![JohnSnowLabs](https://nlp.johnsnowlabs.com/assets/images/logo.png)

[![Open In Colab](https://colab.research.google.com/assets/colab-badge.svg)](https://colab.research.google.com/github/JohnSnowLabs/spark-nlp-workshop/blob/master/Spark_NLP_Udemy_MOOC/Healthcare_NLP/GenericClassifierApproach.ipynb)

# **GenericClassifierApproach**

This notebook will cover the different parameters and usages of `GenericClassifierApproach`.

**📖 Learning Objectives:**

1. Understand how trains a TensorFlow model for generic classification of feature vectors.

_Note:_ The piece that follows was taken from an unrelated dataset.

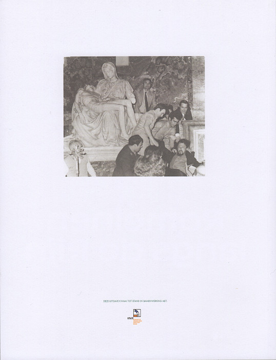 In the journal Roma Aeterna (issue 8.II), Hurkmans looks back to the moment in 1992 when she found and acquired the press photo of the moment just after Michelangelo's Pietà was attacked in 1972. Through images and words, she traces notions of absence and loss that have been present in her work ever since. The visual and textual contribution makes clear how these notions relate to ethics and politics and how, above all, artworks can raise questions in society. Ultimately, the contribution (in Dutch) gives insights into the work she did on the multi-interpretability of the press photo and Michelangelo's Pietà as Artist in Residence at the Royal Netherlands Institute in Rome.

2. Become comfortable using the different parameters of the annotator.


**🔗 Helpful Links:**

- Documentation : [GenericClassifierApproach](https://nlp.johnsnowlabs.com/docs/en/licensed_annotators#genericclassifier)

- Python Docs : [GenericClassifierApproach](https://nlp.johnsnowlabs.com/licensed/api/python/reference/autosummary/sparknlp_jsl/annotator/generic_classifier/generic_classifier/index.html)

- Scala Docs : [GenericClassifierApproach](https://nlp.johnsnowlabs.com/licensed/api/com/johnsnowlabs/nlp/annotators/generic_classifier/GenericClassifierApproach.html)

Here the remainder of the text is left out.